Старик схватился за сетку, он дрожал от бессильного гнева. И вдруг он плюнул себе под ноги и, шатаясь, вышел из сада.
Старик бродил по улицам городка; вдруг он остановился перед витриной магазина; за стеклом высились пестрые пирамиды и ступенчатые башни, искусно сложенные из всевозможных товаров, — все, что может понадобиться туристам: сорочки и рыболовная снасть, блузки и удочки, галстуки, книги, даже печенье; но старик смотрел только на один предмет, небрежно брошенный среди дорогих нарядных вещей, — на толстую узловатую палку с железным наконечником; такой палкой, если крепко взять ее в руку и размахнуться…
«Убить… убить собаку!» — как в чаду, почти с наслаждением думал старик; он вошел в лавку и за ничтожную цену приобрел суковатую увесистую дубину. И как только он сжал ее в кулаке, он ощутил прилив сил: ведь любое оружие всегда придает физически слабому человеку известную уверенность.
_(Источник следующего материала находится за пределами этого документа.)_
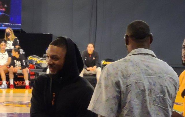 詹姆斯和利拉德都是一身休闲打扮,除了和利拉德碰面打招呼,詹姆斯还在场边遇到了多年好友韦德和侄子扎伊尔。他们也热情相拥,共同观赏WNBA比赛。近来,多位NBA球星现身WNBA赛场,也是为了支持女子篮球运动。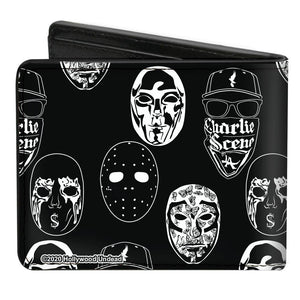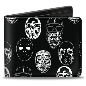 BI-FOLD WALLET - HOLLYWOOD UNDEAD MASK ICONS SCATTERED BLACK WHITE

Старик крепко сжимал палку и чувствовал, как напрягаются мышцы руки. «Убить… убить собаку!» — бормотал он про себя, и невольно его тяжелый, спотыкающийся шаг становился тверже, ровнее; он проворно шел, нет, он бегал взад и вперед но набережной, задыхаясь, весь в поту — больше от прорвавшейся, наконец, ярости, чем от быстрой ходьбы. А рука его судорожно стискивала массивный набалдашник палки.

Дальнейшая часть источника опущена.